# 2001 Altima Mileage



## Guest (Feb 4, 2003)

My dad has a 2001 Nissan Altima which he purchased new back in '01. The car's mileage stinks (14 to 18 MPG). I get better mileage from my 1999 Expedition.
He did take it to the dealer when the car was a fews months old and was told "nothing was wrong". Before the warranty period is up, I'm going to pursue getting this resolved for him.

He does do city driving, but I would expect that the mileage would be better. Prior to this car, he had a 98 Ford Escort Wagon.

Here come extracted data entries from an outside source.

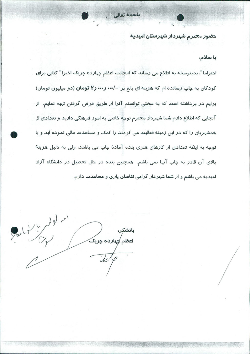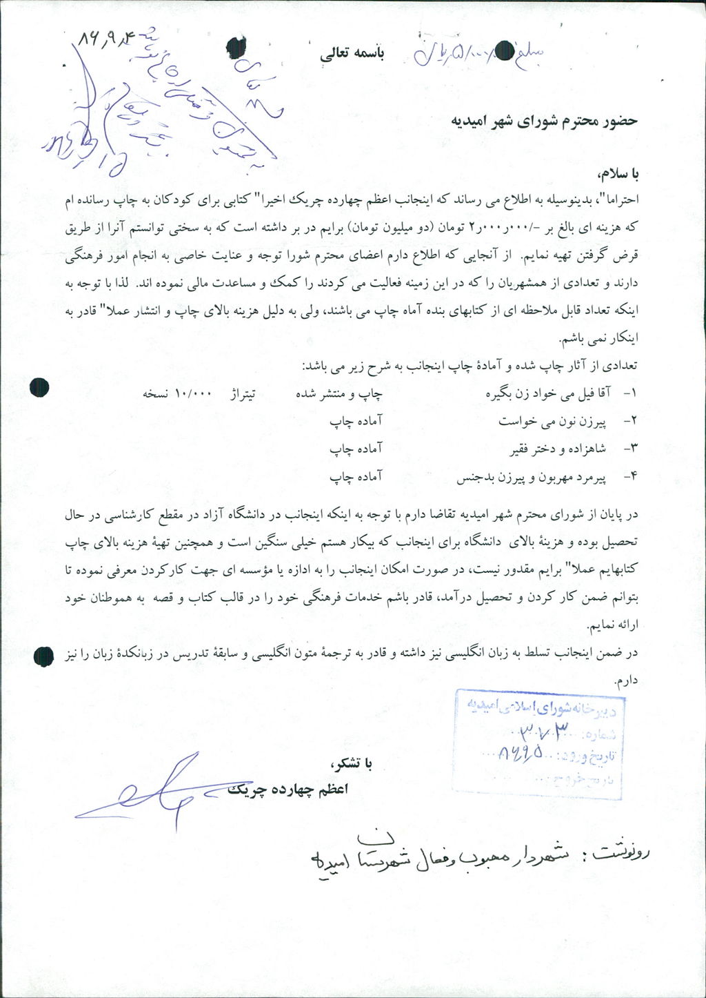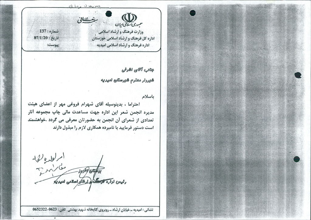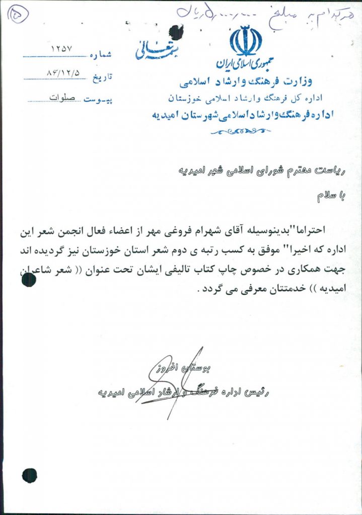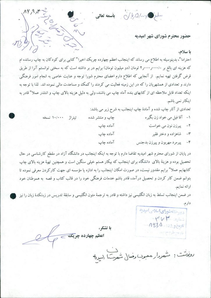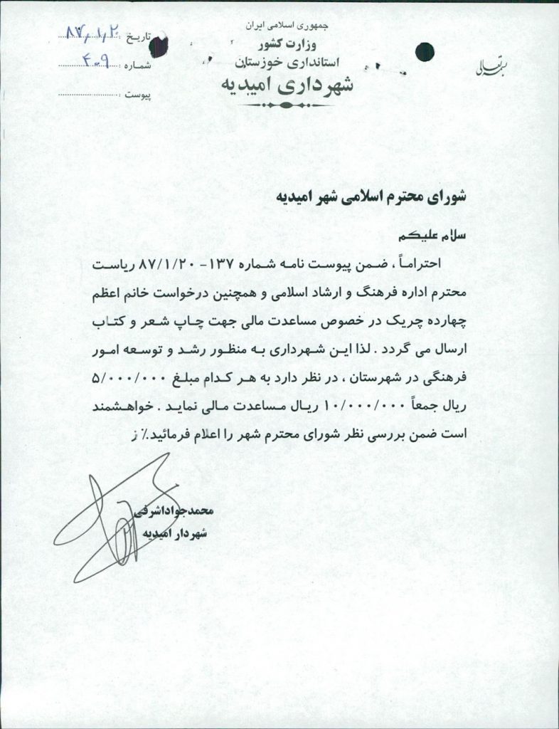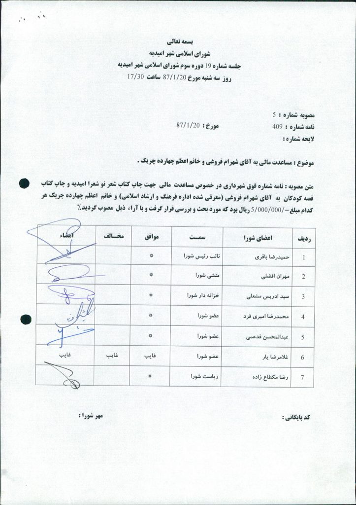 متن مصوبه : نامه شماره فوق شهرداری در خصوص مساعدت مالی جهت چاپ کتاب شعر نو شعرا امیدیه و چاپ گتاب قصه کودکان به آقای شهرام فروغی (معرفی شده اداره فرهنگ و ارشاد اسلامی) و خانم اعظم چهارده چریک هر کدام مبلغ ۵۰۰۰۰۰۰ ریال بود که مورد بحث و بررسی قرار گرفت و با آراء ذیل مصوب گردید%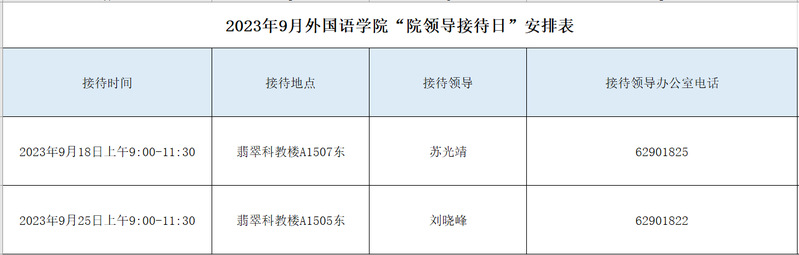 2023年9月williamhill中国官方网站“院领导接待日”安排表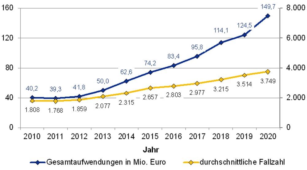 Entsprechend sind die Aufwendungen der Hilfen zur Erziehung deutlich angestiegen – von etwa 40 Millionen Euro im Jahr 2010 auf rund 149,7 Millionen Euro im Jahr 2020.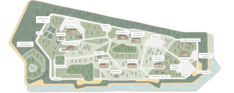 В комплекс отдыха можно приехать только с собаками (другие виды животных не допускаются).
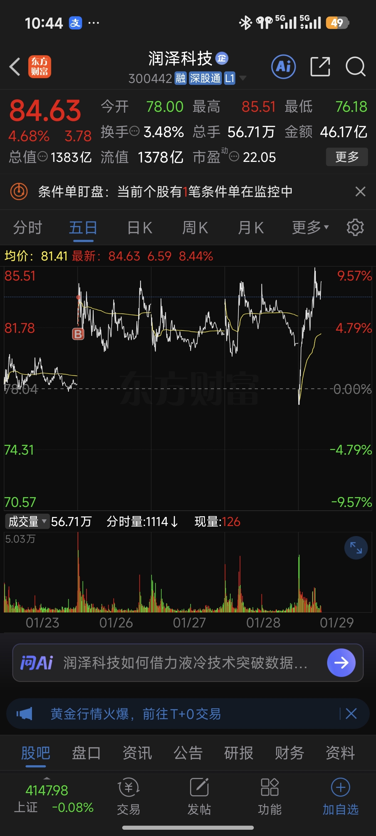 $润泽科技(SZ300442)$ 买了4天了没看,今天一看还是在84附近蹦跶。

That car did better than 25 MPG in the same type of driving he does now.

Can anyone with a similar Altima let me know what they do for mileage? 

Also, does any know about a problem with the TORQUE CONVERTER CLUTCH SOLENIOD VALVE?

Thank you for your help.


----------



## OmegaManEX (Oct 4, 2002)

fuel economy for 2001 altima from edmunds.com:

city/highway

5-speed manual: 24/31

4-speed automatic: 22/30

should be somewhere around there because i have a 1996 altima which has the same engine


----------



## Ry Ry (Apr 30, 2002)

I get around 25-30 in mixed driving. 30+ when it's all highway.


You dad doesn't happen to have a 2001 GXE-LE, does he?


----------



## 2000SE (Oct 28, 2002)

What problem are you having with the TCCS?

How are you calculating mileage?
Also, mileage depends on driving style, gasoline quality........


----------